Sourcegraph and Dimensional Research have released a survey of developers at large organizations, which shows a massive growth in codebase size, number of repositories in use and complexity concerns.
“The Emergence of Big Code – A 2020 Survey of Software Professionals” is definitely intriguing reading, and a few of the results are eye-opening—such as the difference between what development managers think developers are using to search code and what developers say they are actually using. But most of it simply validates what we all knew: Codebases are growing at an alarming rate, through a variety of growth vectors—support for new platforms, use of open source and internal development.
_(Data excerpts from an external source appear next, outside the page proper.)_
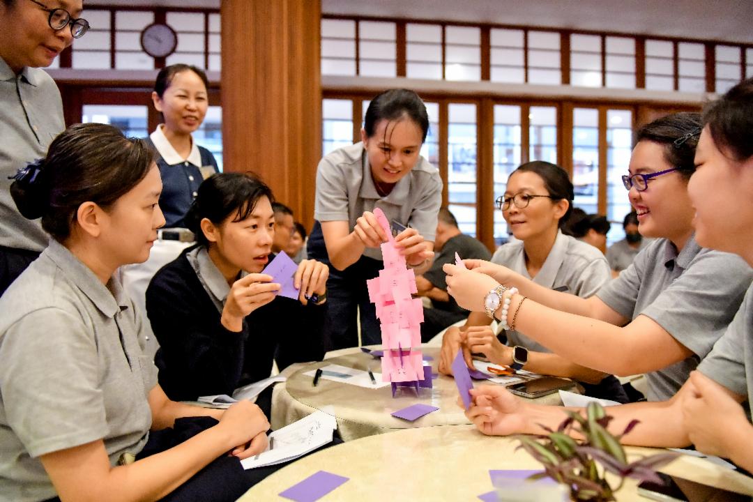 下午的“摩天大楼”挑战,则是目标管理与团队共识的极致展现。获得一百分最高分的组员分享:“带团队的第一件事,是让每个人心安;心安了,人才能定、才能专注。订目标要会测试、会修正;弹性与不执着,往往比一开始的野心更能带来成果。”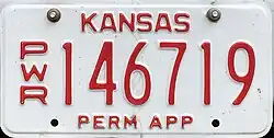 2006 - 2018 | Embossed red serial on white plate with "PWR" at left; "KANSAS" and "PERM APP" in red at top and bottom, respectively | |||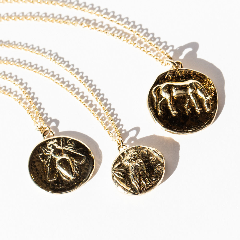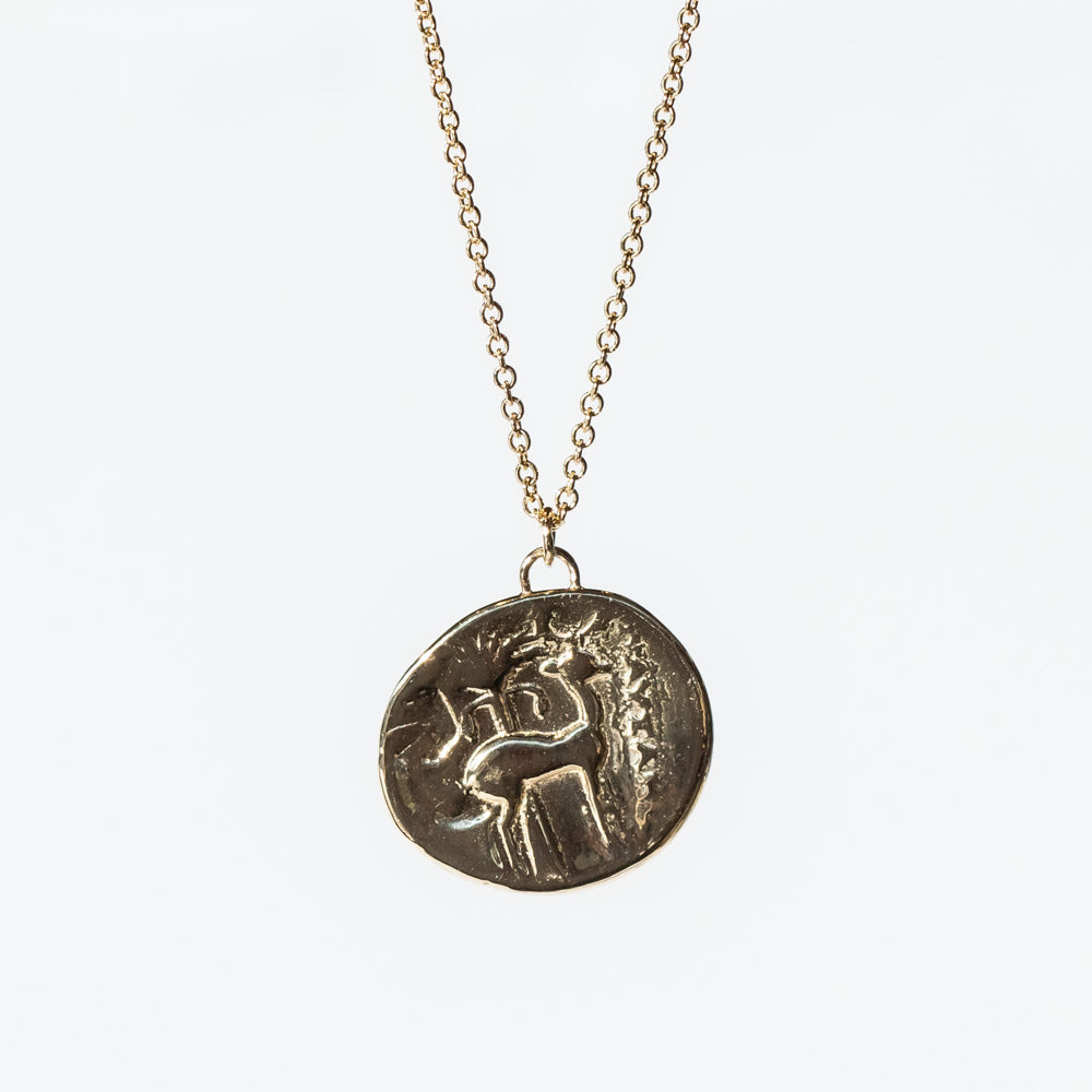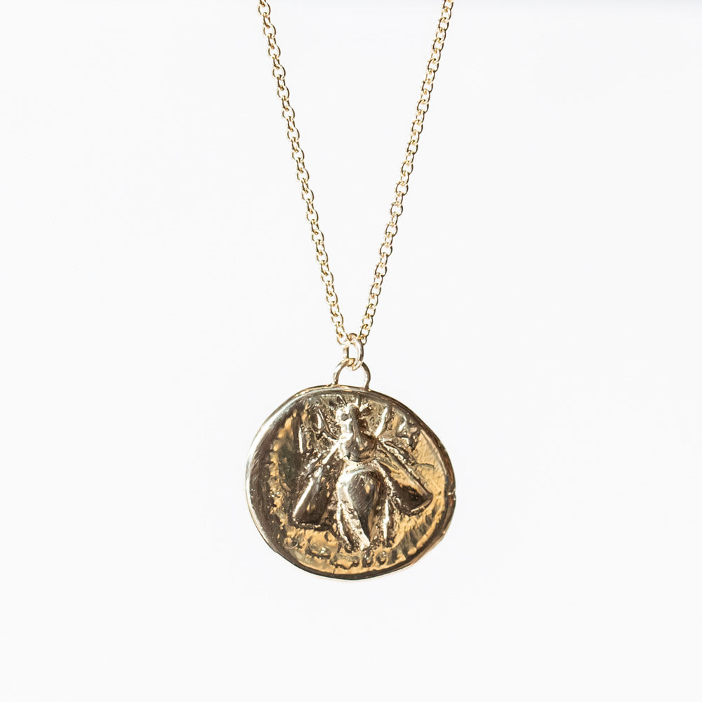 Channel the ancient beauty of Greek mythology with this 14k gold necklace, featuring a pendant molded from an ancient Greek coin. One side depicts a honeybee, the symbol of Artemis, goddess of the hunt and wilderness. On the reverse, a stag—sacred to Artemis—represents her role as protector of wildlife and the natural world.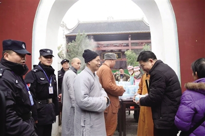 1月13日是农历腊月初八,当天上午,“逛千年庙会、品温暖腊八”2019年南岳庙会启动仪式暨腊八节慈善活动在南岳大庙举行。市公安局南岳分局提早谋划,科学部署,安排警力守护平安,现场秩序井然。 文泽荣 摄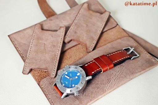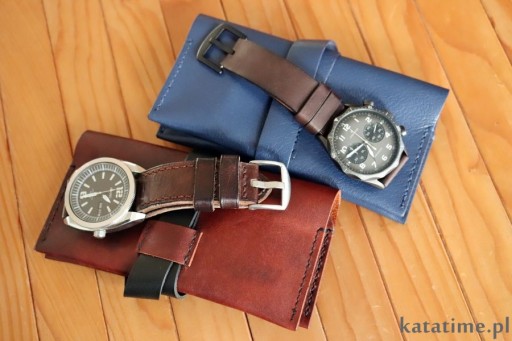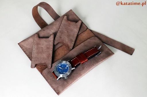 Wykonane jest z naturalnej skóry przez naszych kaletników. Skóra jest miękka ale dość gruba (żeby dobrze zabezpieczała zegarki), w kolorze brązowym z ciekawą, cieniowaną fakturą i szyciem w kolorze skóry.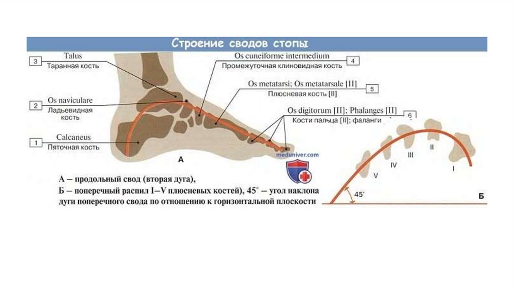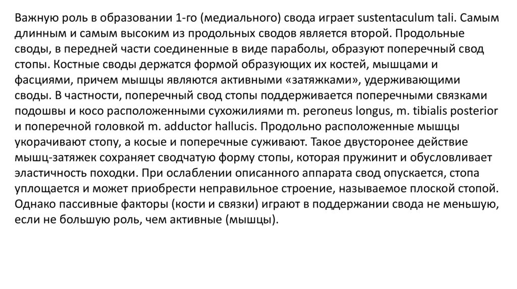 Важную роль в образовании 1-го (медиального) свода играет sustentaculum tali. Самымдлинным и самым высоким из продольных сводов является второй. Продольные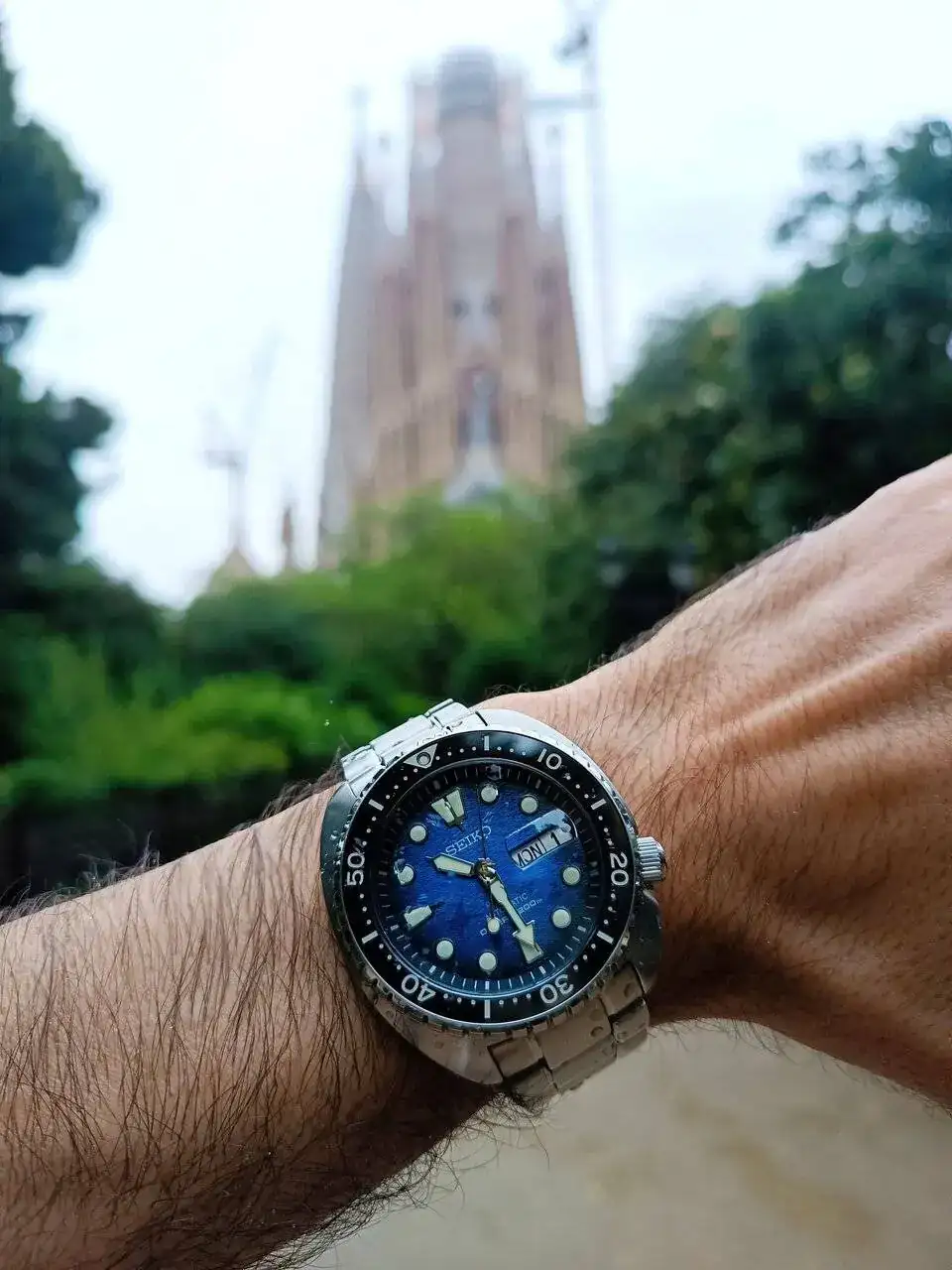 Precioso reloj, y buenas vistas!! Estas cerca de casa 😉. La banda sonora, muy apropiada al dia 😉 💙💙

Adding environment to code à la GitOps, systems reliability engineering and/or environment automation is adding a layer of completely new source and a layer of complexity not normally in the developer’s realm of immediate concern.
I’ve been working with Accelerated Strategies Group over the last few months, and we’re looking at tools in this market. The ability to quickly get up to speed on large codebases and the ability to find a specific area in a codebase that is massive and/or spans repositories is a very real need that is not currently well-served. This piques my interest in what Sourcegraph brings to the table, but at the moment we’re focused on the survey, so perhaps in a future blog we’ll talk about Sourcegraph.
While there is a lot packed into the survey, I think my favorite part is crammed in with other “What would you find useful?” results (the slide is below). Fifty-eight percent of respondents—all of whom are developers—chose, “Finding code by querying semantic relationships, not just matching a string.” As developers, these respondents no doubt are aware of the complexities of this type of feature, particularly in environments with a variety of programming languages and scripts (be they bash, SQL, whatever) all working together. This is huge, and first iterations would be shallow, but is a worthy goal. I’m intrigued to see how well SourceGraph et al solve it.

It is also intriguing to see more than half of respondents want the ability to explore ” … both known and unknown code with code intelligence that provides contextual understanding.” That, too, is a tall order. Code analysis has gotten better over time, but contextual analysis of large codebases is notoriously difficult. I’ll be intrigued in the near future to play with this concept and tools that offer it to see how reliable they are and how much human guidance is accepted and/or required to make it a reality.
Code change velocity reporting and contextual information about code are both available and pretty solid from the majority of full-stack DevOps vendors. Perhaps that is why that particular response only netted 45% and 43% of responses, respectively—the other 50+% are already using them.
We’re in an interesting time when consolidation appears to be on the upswing and the needs of developers and DevOps teams working in large codebases are becoming more clear and more complex at the same time. Over the next few years the needs reported in this survey will likely be replaced by more specific needs as these are fulfilled and find general use. The question of databases and database integration in large codebase migrations, for example, has these needs, but has other needs closer to the problem domain. As these general issues are resolved, expect your vendors to turn to those more specific, but every bit as complex, problems.
And just keep rocking it. Find out what the tools and companies already in use at your org have added, and if those capabilities fit with your needs or can enhance your Dev/DevOps exercises. Keep the lights on, keep customers happy and watch for tools to help you make it even better.